_DATA_
=-=-=-=-=

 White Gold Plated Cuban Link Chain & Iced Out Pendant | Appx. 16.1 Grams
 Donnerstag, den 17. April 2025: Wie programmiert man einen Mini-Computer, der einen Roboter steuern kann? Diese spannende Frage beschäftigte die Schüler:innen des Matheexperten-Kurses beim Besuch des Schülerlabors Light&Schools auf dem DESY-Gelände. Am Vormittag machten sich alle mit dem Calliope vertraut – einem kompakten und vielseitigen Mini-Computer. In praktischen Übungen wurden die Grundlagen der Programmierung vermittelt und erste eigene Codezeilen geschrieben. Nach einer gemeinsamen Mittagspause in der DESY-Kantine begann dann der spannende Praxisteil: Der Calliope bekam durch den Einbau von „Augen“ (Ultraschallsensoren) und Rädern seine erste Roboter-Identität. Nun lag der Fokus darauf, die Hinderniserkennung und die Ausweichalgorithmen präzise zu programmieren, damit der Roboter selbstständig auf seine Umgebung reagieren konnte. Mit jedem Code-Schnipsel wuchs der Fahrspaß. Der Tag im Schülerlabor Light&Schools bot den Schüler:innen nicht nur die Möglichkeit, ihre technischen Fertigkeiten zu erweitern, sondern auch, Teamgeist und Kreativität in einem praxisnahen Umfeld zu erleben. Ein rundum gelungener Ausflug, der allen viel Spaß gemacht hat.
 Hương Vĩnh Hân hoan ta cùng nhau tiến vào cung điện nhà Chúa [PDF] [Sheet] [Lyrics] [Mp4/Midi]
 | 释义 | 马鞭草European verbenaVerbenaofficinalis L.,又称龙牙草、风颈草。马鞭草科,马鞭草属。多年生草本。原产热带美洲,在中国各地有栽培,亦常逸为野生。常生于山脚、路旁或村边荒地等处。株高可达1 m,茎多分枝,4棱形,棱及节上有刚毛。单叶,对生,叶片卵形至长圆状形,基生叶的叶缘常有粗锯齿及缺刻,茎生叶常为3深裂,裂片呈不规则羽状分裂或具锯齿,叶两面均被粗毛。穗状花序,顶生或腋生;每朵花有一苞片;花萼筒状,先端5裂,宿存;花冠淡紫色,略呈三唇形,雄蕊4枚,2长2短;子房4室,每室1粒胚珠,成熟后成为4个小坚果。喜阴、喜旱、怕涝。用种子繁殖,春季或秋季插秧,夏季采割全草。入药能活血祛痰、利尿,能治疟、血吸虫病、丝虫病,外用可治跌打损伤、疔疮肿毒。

=-=-=-=-=

_AIM OF THE EXERCISE_
Each line of the listing should be reproduced without any alteration.

_SOLVED EXERCISE_
 White Gold Plated Cuban Link Chain & Iced Out Pendant | Appx. 16.1 Grams
 Donnerstag, den 17. April 2025: Wie programmiert man einen Mini-Computer, der einen Roboter steuern kann? Diese spannende Frage beschäftigte die Schüler:innen des Matheexperten-Kurses beim Besuch des Schülerlabors Light&Schools auf dem DESY-Gelände. Am Vormittag machten sich alle mit dem Calliope vertraut – einem kompakten und vielseitigen Mini-Computer. In praktischen Übungen wurden die Grundlagen der Programmierung vermittelt und erste eigene Codezeilen geschrieben. Nach einer gemeinsamen Mittagspause in der DESY-Kantine begann dann der spannende Praxisteil: Der Calliope bekam durch den Einbau von „Augen“ (Ultraschallsensoren) und Rädern seine erste Roboter-Identität. Nun lag der Fokus darauf, die Hinderniserkennung und die Ausweichalgorithmen präzise zu programmieren, damit der Roboter selbstständig auf seine Umgebung reagieren konnte. Mit jedem Code-Schnipsel wuchs der Fahrspaß. Der Tag im Schülerlabor Light&Schools bot den Schüler:innen nicht nur die Möglichkeit, ihre technischen Fertigkeiten zu erweitern, sondern auch, Teamgeist und Kreativität in einem praxisnahen Umfeld zu erleben. Ein rundum gelungener Ausflug, der allen viel Spaß gemacht hat.
 Hương Vĩnh Hân hoan ta cùng nhau tiến vào cung điện nhà Chúa [PDF] [Sheet] [Lyrics] [Mp4/Midi]
 | 释义 | 马鞭草European verbenaVerbenaofficinalis L.,又称龙牙草、风颈草。马鞭草科,马鞭草属。多年生草本。原产热带美洲,在中国各地有栽培,亦常逸为野生。常生于山脚、路旁或村边荒地等处。株高可达1 m,茎多分枝,4棱形,棱及节上有刚毛。单叶,对生,叶片卵形至长圆状形,基生叶的叶缘常有粗锯齿及缺刻,茎生叶常为3深裂,裂片呈不规则羽状分裂或具锯齿,叶两面均被粗毛。穗状花序,顶生或腋生;每朵花有一苞片;花萼筒状,先端5裂,宿存;花冠淡紫色,略呈三唇形,雄蕊4枚,2长2短;子房4室,每室1粒胚珠,成熟后成为4个小坚果。喜阴、喜旱、怕涝。用种子繁殖,春季或秋季插秧,夏季采割全草。入药能活血祛痰、利尿,能治疟、血吸虫病、丝虫病,外用可治跌打损伤、疔疮肿毒。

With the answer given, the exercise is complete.